(WHAT IS NEEDED)
What you return must match the listing below line for line, minus its pictures.
THE DATA Start Marker
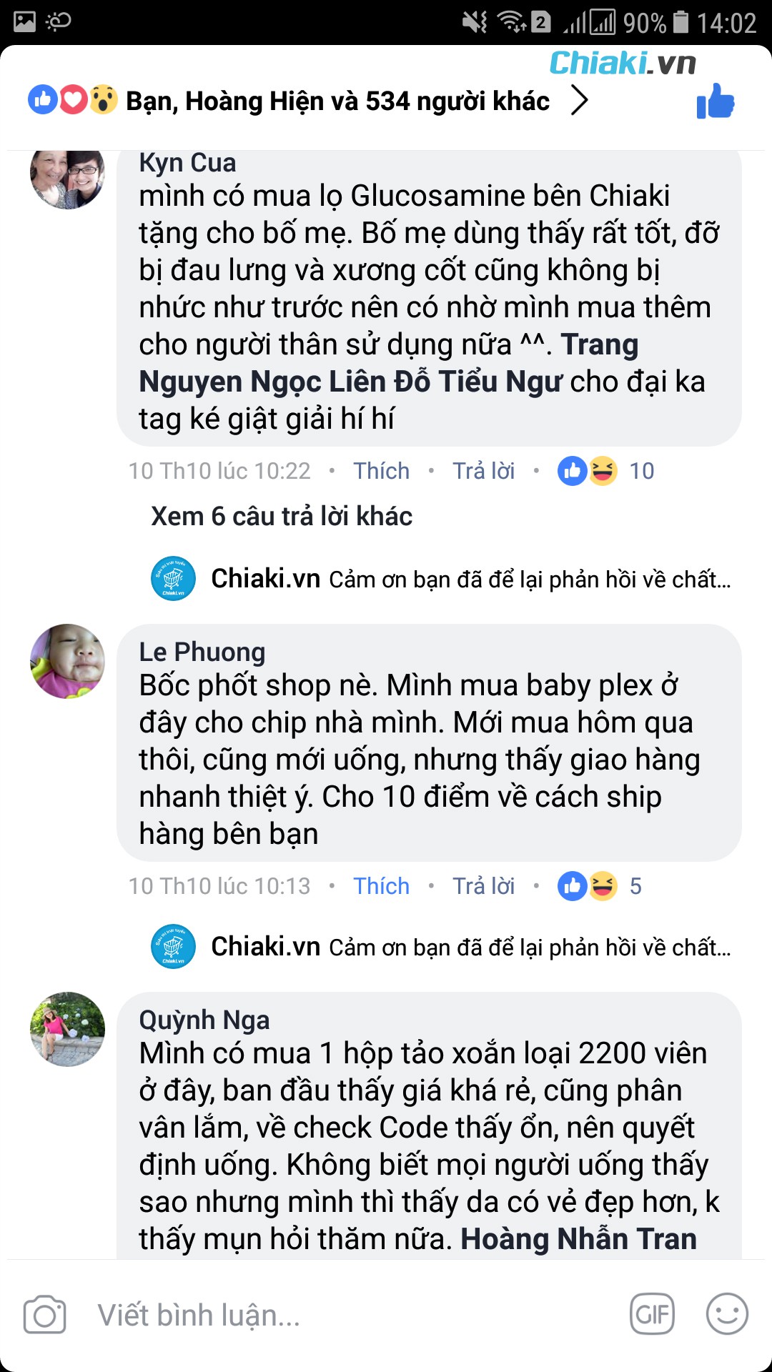 Phản hồi tích cực của khách hàng trên chiaki.vn
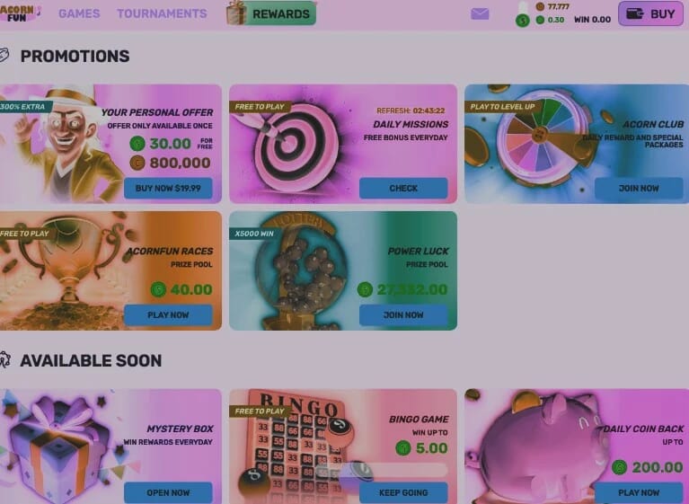 Overall, Acorn Fun has allowed players to enjoy sweepstakes games without necessarily purchasing Gold Coin bundles. With the numerous bonuses, such as daily rewards, referral bonuses, tournaments, and giveaways, you’re sure to enjoy an exciting gaming experience.
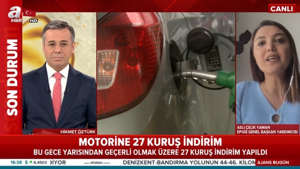Görseldeki ekran görüntüsünde yer alan EPGİS Genel Başkan Yardımcısı Aslı Çelik Yaman, katıldığı “Hikmet Öztürk ile Ajans Bugün” adlı yayında, 19 Mart 2020 gecesinden itibaren geçerli olan motorin fiyatına yapılacak indirim miktarına değinmişti.
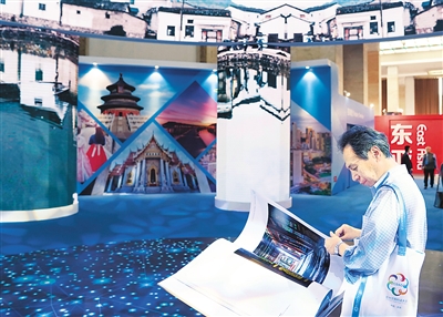 观众在亚洲文化旅游展上观看世界遗产影像展示画册。新华社记者 金良快 摄
THE DATA End Marker
(TASK SOLUTION)
 Phản hồi tích cực của khách hàng trên chiaki.vn
 Overall, Acorn Fun has allowed players to enjoy sweepstakes games without necessarily purchasing Gold Coin bundles. With the numerous bonuses, such as daily rewards, referral bonuses, tournaments, and giveaways, you’re sure to enjoy an exciting gaming experience.
Görseldeki ekran görüntüsünde yer alan EPGİS Genel Başkan Yardımcısı Aslı Çelik Yaman, katıldığı “Hikmet Öztürk ile Ajans Bugün” adlı yayında, 19 Mart 2020 gecesinden itibaren geçerli olan motorin fiyatına yapılacak indirim miktarına değinmişti.
 观众在亚洲文化旅游展上观看世界遗产影像展示画册。新华社记者 金良快 摄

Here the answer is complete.